Mi madre trabajaba en una ferretería del centro y mi padre en una empresa de encurtidos del extrarradio, a razón de nueve horas de lunes a sábado, por un salario que apenas nos daba para vivir un par de palmos por encima de la miseria.
Era tal su desenfrenado ritmo de vida, que ambos veían con buenos ojos —o más bien lo deseaban a rabiar— que yo pasara buena parte de los fines de semana, casi todos los puentes y la práctica totalidad del verano, en Frías con el abuelo. «Así no pierde el arraigo»; solía decir mi padre, con la esperanza de que yo purgara la culpa cuyo peso sentía sobre los hombros, como un yugo de plomo, por el abandono al que había sometido a su pueblo.
Así fue como, durante mi infancia, me sentía más fredense que burgalés. Era tal la libertad que sentía en el pueblo de mi abuelo Antonio, que comencé a aborrecer el encorsetamiento que me oprimía cuando vivía en la ciudad y del que era liberado en el momento en que ponía los pies en Frías.
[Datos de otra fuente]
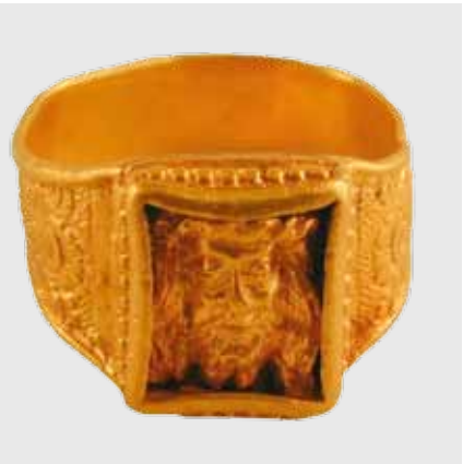
In 2005 werd bij onderzoek naar het Brigittenklooster een prachtige gouden ring gevonden. De vijftiende-eeuwse ring toont in reliëf het gelaat van Christus met de zegenende hand van God en een duif die symbool staat voor de Heilige Geest.
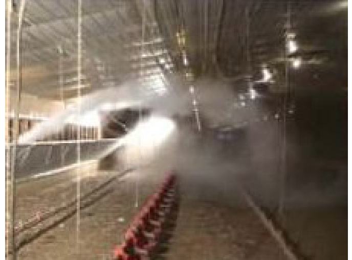
Фото 7, 8. Повітря, що надходить через тунельні стулки, рухається уздовж стелі, а потім – по колу назад, до бічної стіни, вже на рівні підлоги

Aguardaba los días de asueto en Frías como el cautivo anhela las horas de patio. Años en los que mi única preocupación era jugar a la trompa o las canicas en la calle, correr de casa en casa sin que nadie gritara a nuestra espalda o comer asado los sábados, después de que el abuelo preparara la parrilla en el patio trasero de su casa, desde cuyas habitaciones se podía contemplar el cerro que se despeñaba desde aquellas construcciones, que formaban parte de la roca como la uña lo hace de un dedo.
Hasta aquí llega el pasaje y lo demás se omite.